Chemische Stoffe müssen auf ihre Sicherheit für die menschliche Gesundheit und die Umwelt geprüft werden. Molekulare und zelluläre Biomarker werden zunehmend in Sicherheitsbewertungen zur Vorhersage von Auswirkungen auf lebende Organismen durch Regulierungsbehörden und/oder Gesetzgebungen (z. B. REACH, OECD, US-EPA)1,2 berücksichtigt, da sie dem unerwünschten In-vivo-Ergebnis (z. B. endokrine Störung, immunologische Reaktion, akute Toxizität, Phototoxizität) vorausgehen können3,4,5,6,7 . In diesem Zusammenhang wurde die Zytotoxizität als Maß für die Vorhersage der akuten Toxizität von Fischen herangezogen 5,8; Es kann jedoch viele andere Anwendungen in Ökotoxizitätsstudien haben, wie z. B. die Definition subzytotoxischer Konzentrationen chemischer Substanzen, um ihre unterschiedlichsten Auswirkungen auf Fische zu untersuchen (z. B. endokrine Disruptoren).

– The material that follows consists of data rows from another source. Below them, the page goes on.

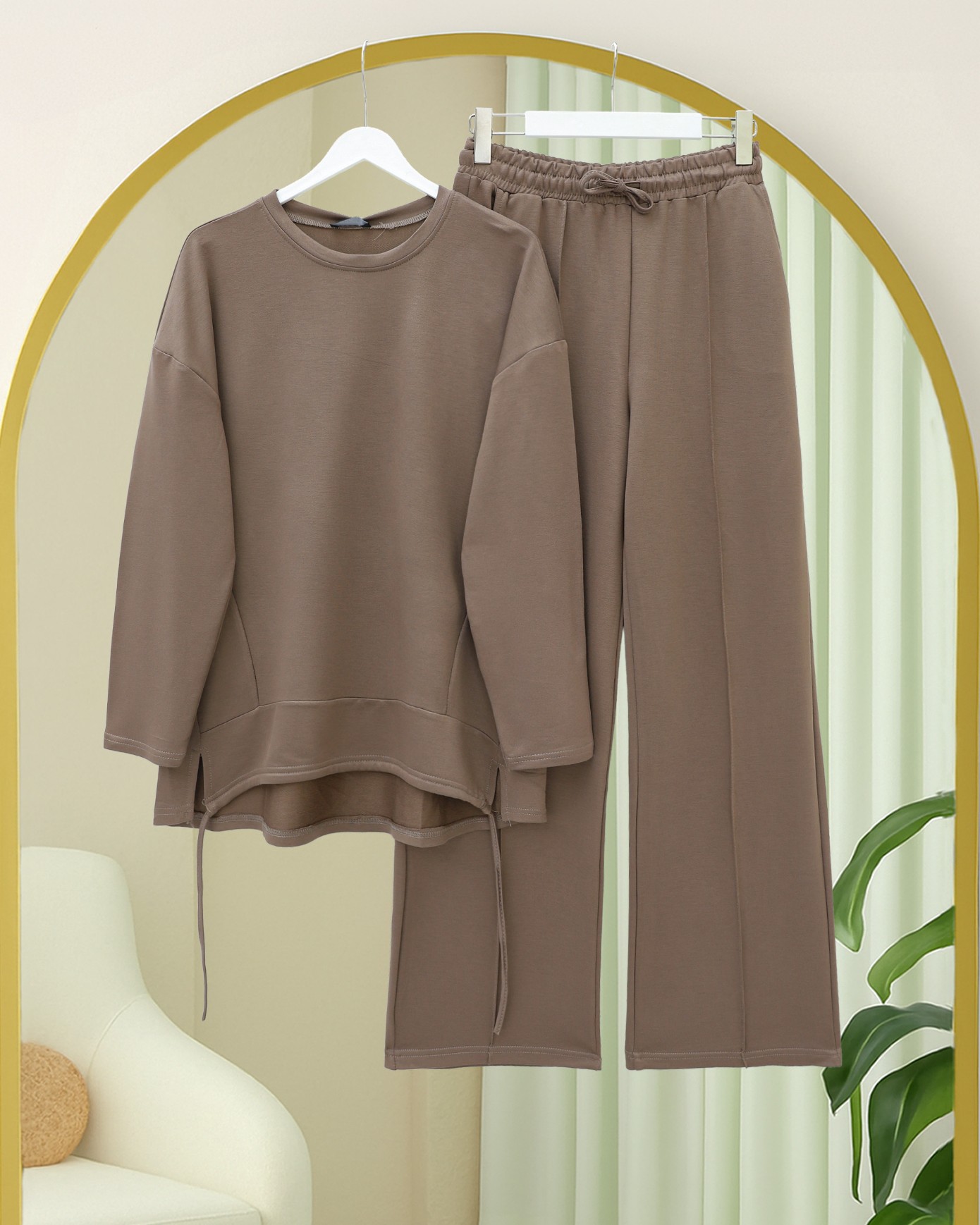 Eteği Bağcıklı Arkası Uzun Oysho Takım -Açık Kahve-Açık Kahve
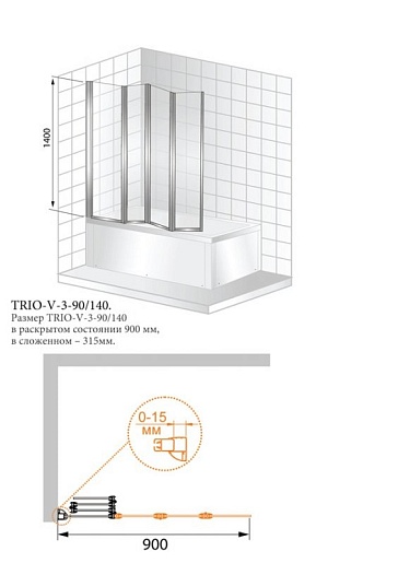 Cezares Шторка на ванну TRIO-W-V-3-90/140-P-Cr-R
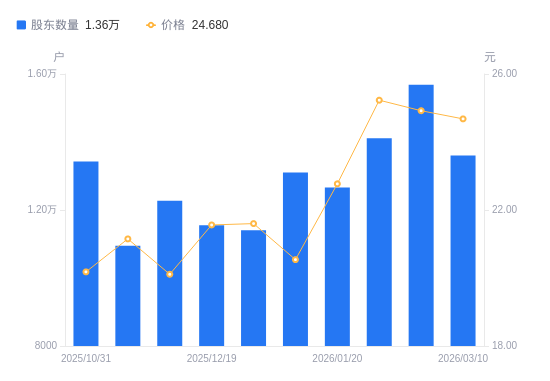 3月16日消息,数据显示,截至2026年3月10日,百龙创园A股股东总户数为1.36万户,较上期(2026年2月10日)减少2083户,降幅13.28%。公司最新A股总股本为4.2亿股,其中流通A股4.2亿股,户均持有流通A股数量为3.09万股,较上期增加4100.76股,增幅15.31%;户均持流通A股市值76.21万元,较上期增加9.48万元,增幅14.20%。
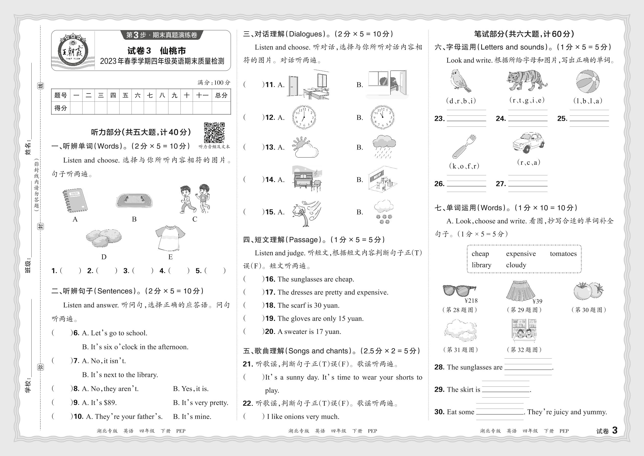 湖北省仙桃市2023年春季学期四年级英语期末质量检测(人教PEP版)【3】
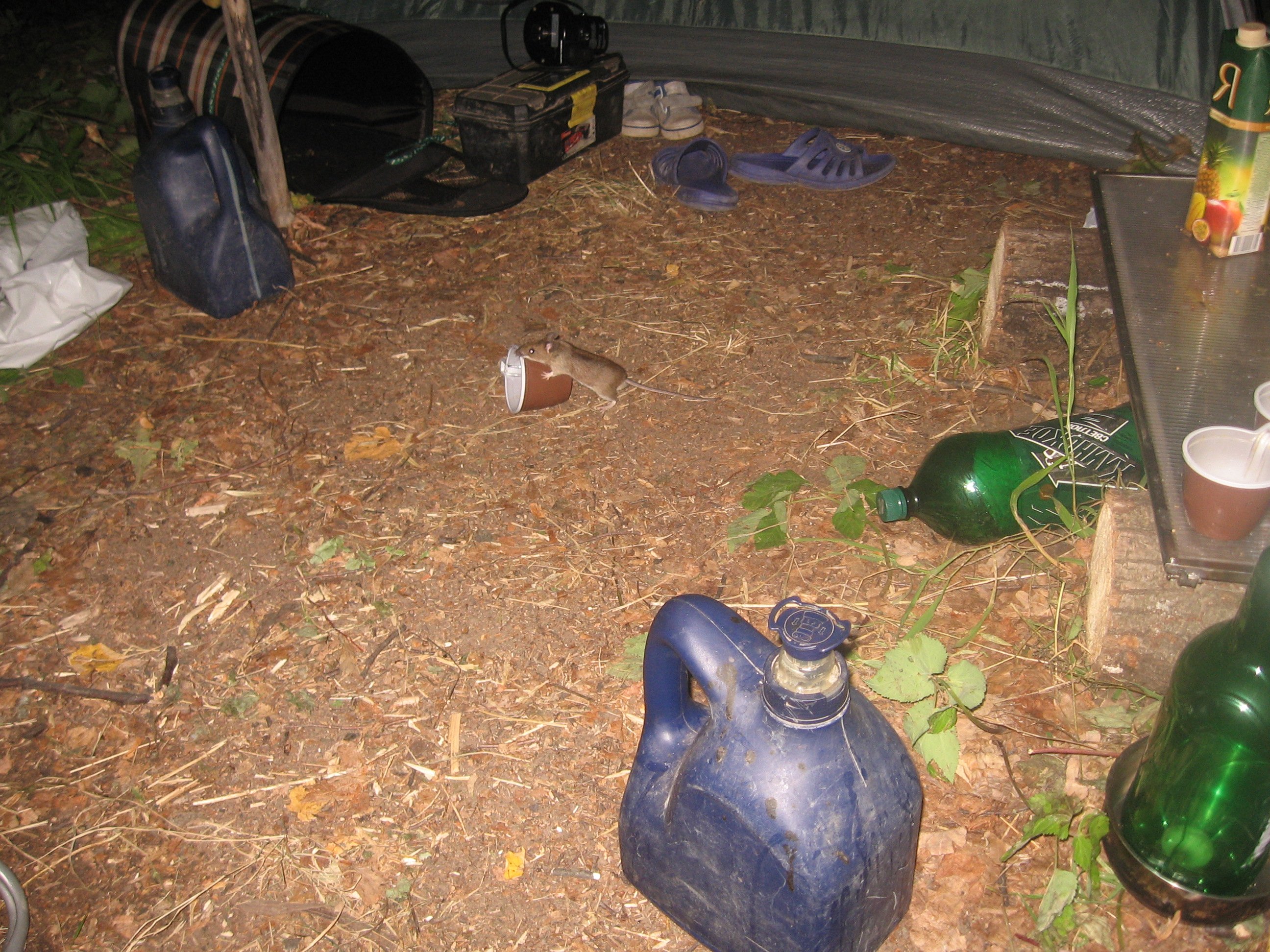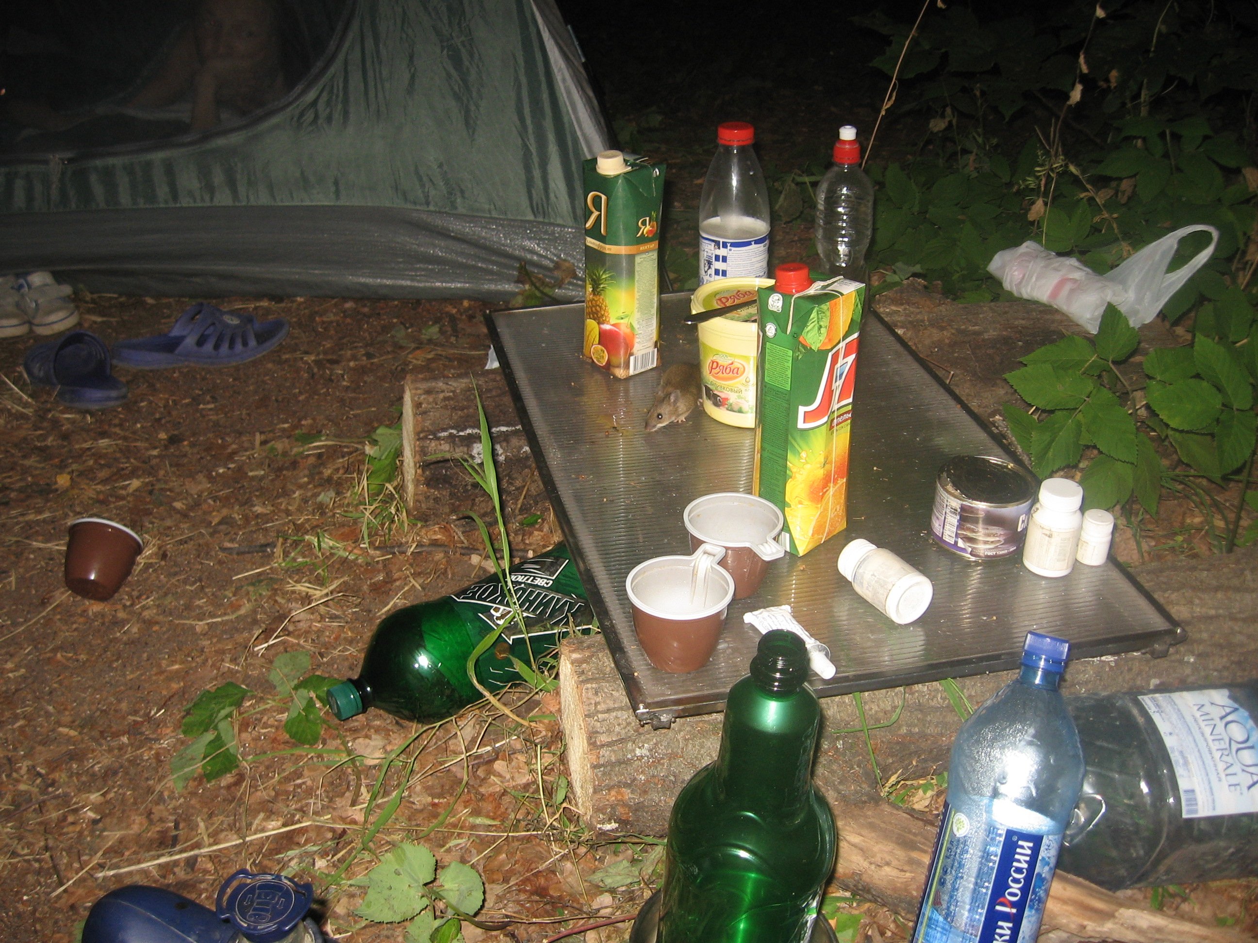 Кот от такого переполоха носился по палатке, не обращая внимания, что под его лапами спят живые люди. От воплей и топота мышей за стенами палатки и скакания кота по нашим тушкам, нам не суждено было досматривать сладкие сны. Пришлось мужу вставать и пытаться утихомирить серую массу, а мне охранять кота в палатке и наблюдать. Мужем из подручных материалов (пластиковых бутылок, тарелок и сухой вермишели) были сооружены несколько мышеловок, и мы стали ждать.

In Zellkultursystemen (In-vitro-Systemen ) kann die Zytotoxizität chemischer Substanzen durch Methoden bestimmt werden, die sich in der Art der Endpunkte unterscheiden. Zum Beispiel kann eine Zytotoxizitätsmethode auf einem Endpunkt basieren, der sich auf die spezifische Morphologie bezieht, die während des Zelltodprozesses beobachtet wird, während eine andere die Zytotoxizität durch Messung des Zelltods, der Lebensfähigkeit und Funktionalität, der Morphologie, des Energiestoffwechsels sowie der Zellanhaftung und -proliferation bestimmen kann. Chemische Substanzen können die Zelllebensfähigkeit durch verschiedene Mechanismen beeinflussen, daher ist eine Bewertung der Zytotoxizität erforderlich, die verschiedene Endpunkte der Zelllebensfähigkeit abdeckt, um chemische Wirkungen vorherzusagen9.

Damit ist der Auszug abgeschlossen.